Tuesday, November 11, 2014

China's 'Marshall Plan' Is Much More China’s ‘one belt, one road’ initiative is no Marshall plan — it’s far more ambitious.

By Dingding Chen

The Diplomat - November 10, 2014

Chinese President Xi Jinping just announced that China will establish a Silk Road fund with $40 billion to support infrastructure investments in countries involved in the “one belt, one road” plan. This new proposal is in addition to the Asian Infrastructure Investment Bank (AIIB) proposal that 21 countries have already joined. A critical element of such plans is to “break the connectivity bottleneck” in Asia and beyond, which has seriously hindered development in many developing countries.
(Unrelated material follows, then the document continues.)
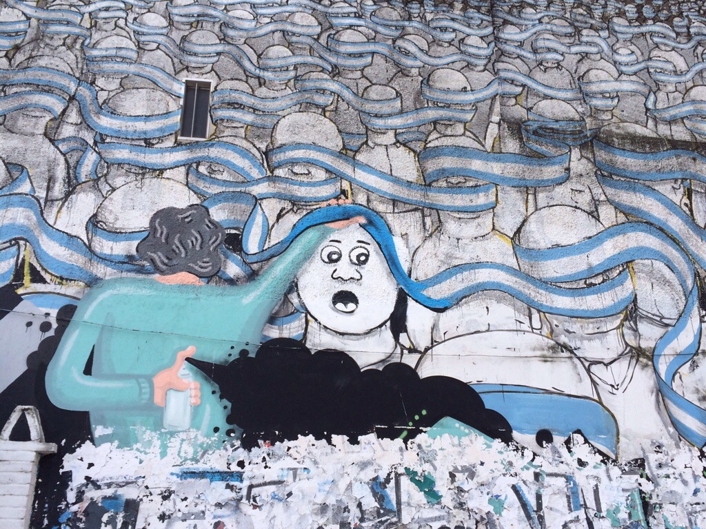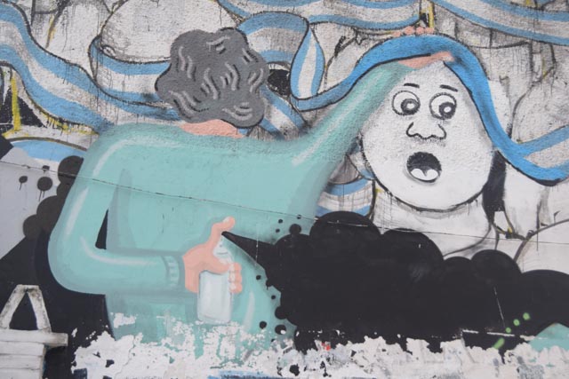 These are the largest format murals we’ve seen and they often honor the father of public art here, Benito Quinquela Martin. Sometimes they tell the story of Argentina’s disappeared (thousands of people presumed murdered by prior regimes) or poke at political issues. The largest ones here are by Pastel, Mart and Jaz and BLU.

Presumably a large amount of funding will go to building roads, railways, and ports in these countries. Thus, many analysts (see for example here, here, and here) have labeled China’s new initiatives as a Chinese version of the Marshall Plan, indicating that China would use such initiatives to seek influence and even dominance in Asia.
To be sure, there are some seeming similarities between China’s “one belt, one road” initiative with the U.S. Marshall plan, with the main one being that both plans aim at exporting their country’s capital, technology, and capacity to others who need them badly. But there are some major differences between China’s “one belt, one road” initiative and the Marshall Plan, which have not received adequate attention from many analysts. More specifically, China’s Silk Road vision is different from the Marshall Plan in motivation, challenges, and potential impact.